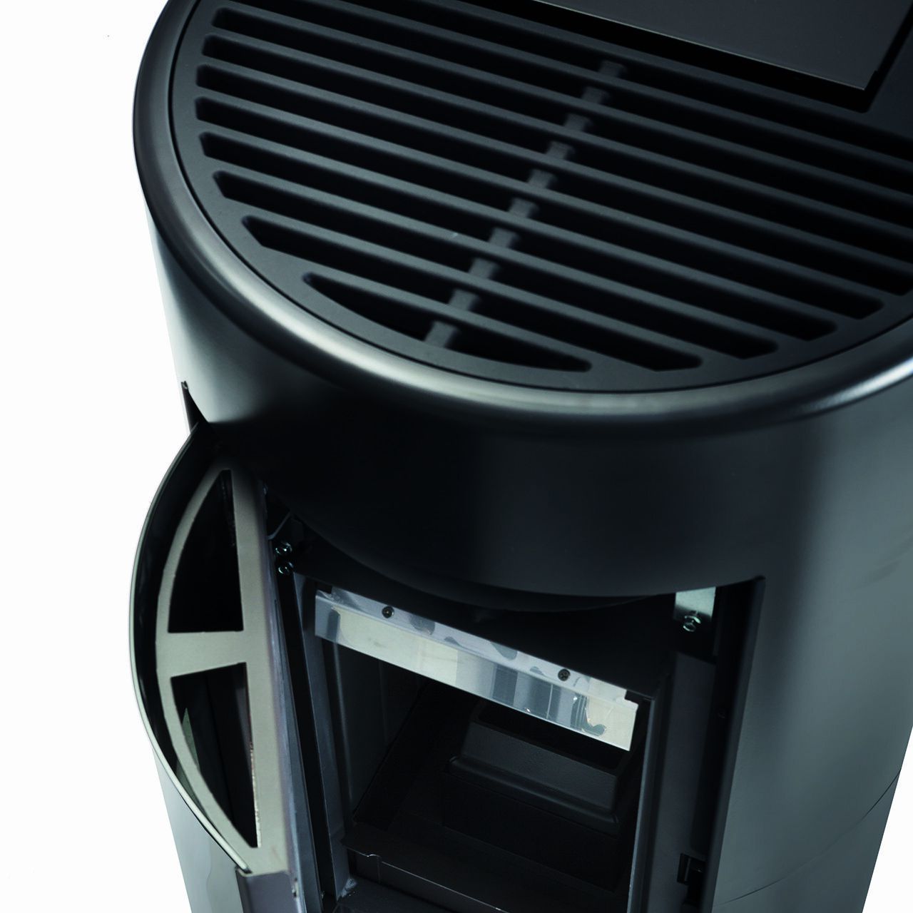 Mehke linije in visokotehnološki materiali oblikujejo peč z edinstvenim dizajnom. Ko je peč ugasnjena, se njeno steklo Magic Glass zatemni, tako da se spremeni v pravi element pohištva. Prevleka je iz lakiranega jekla.
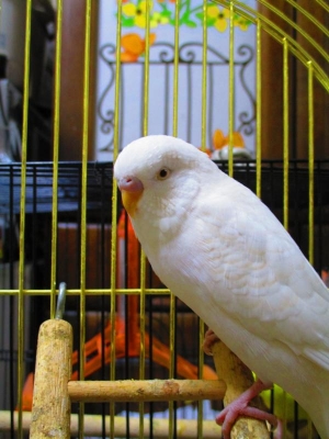 特徴:Cooちゃんは、アルビノですが薄く茶色い模様(ファローが入ってます) 以前怪我をした影響か、飛ぶときはひらひらと飛びます、 あまり、飛ぶのは好きではないようで、長距離は飛びません。 喝舌が悪いですが、『いいこいいこ』などいろいろしゃべります。
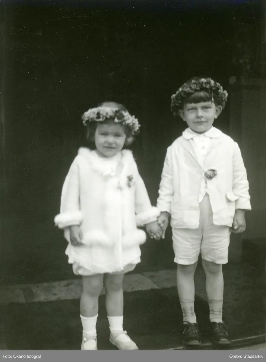Mary och Johan Gripenstedt festklädda på bröllop, 1920
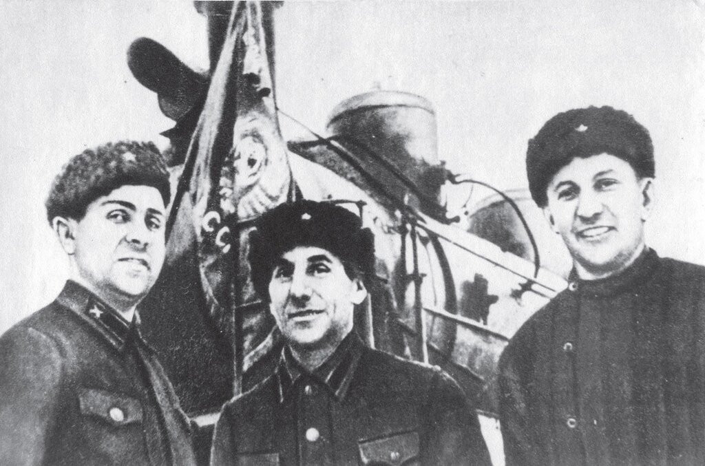 052 Бригада, завоевавшая право провести первый поезд из Ленинграда на «Большую землю». Слева направо
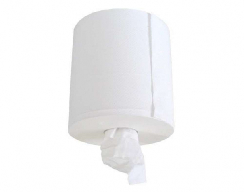Papierrol met centrale afwikkeling. Rol zonder kartonnen huls, meteen gebruiksklaar

------------------------------------------------------------------------

- TASK STATEMENT:
Carry over each record above character for character, with the pictures left out.

- RESULT FOR THIS EXERCISE:
 Mehke linije in visokotehnološki materiali oblikujejo peč z edinstvenim dizajnom. Ko je peč ugasnjena, se njeno steklo Magic Glass zatemni, tako da se spremeni v pravi element pohištva. Prevleka je iz lakiranega jekla.
 特徴:Cooちゃんは、アルビノですが薄く茶色い模様(ファローが入ってます) 以前怪我をした影響か、飛ぶときはひらひらと飛びます、 あまり、飛ぶのは好きではないようで、長距離は飛びません。 喝舌が悪いですが、『いいこいいこ』などいろいろしゃべります。
Mary och Johan Gripenstedt festklädda på bröllop, 1920
 052 Бригада, завоевавшая право провести первый поезд из Ленинграда на «Большую землю». Слева направо
Papierrol met centrale afwikkeling. Rol zonder kartonnen huls, meteen gebruiksklaar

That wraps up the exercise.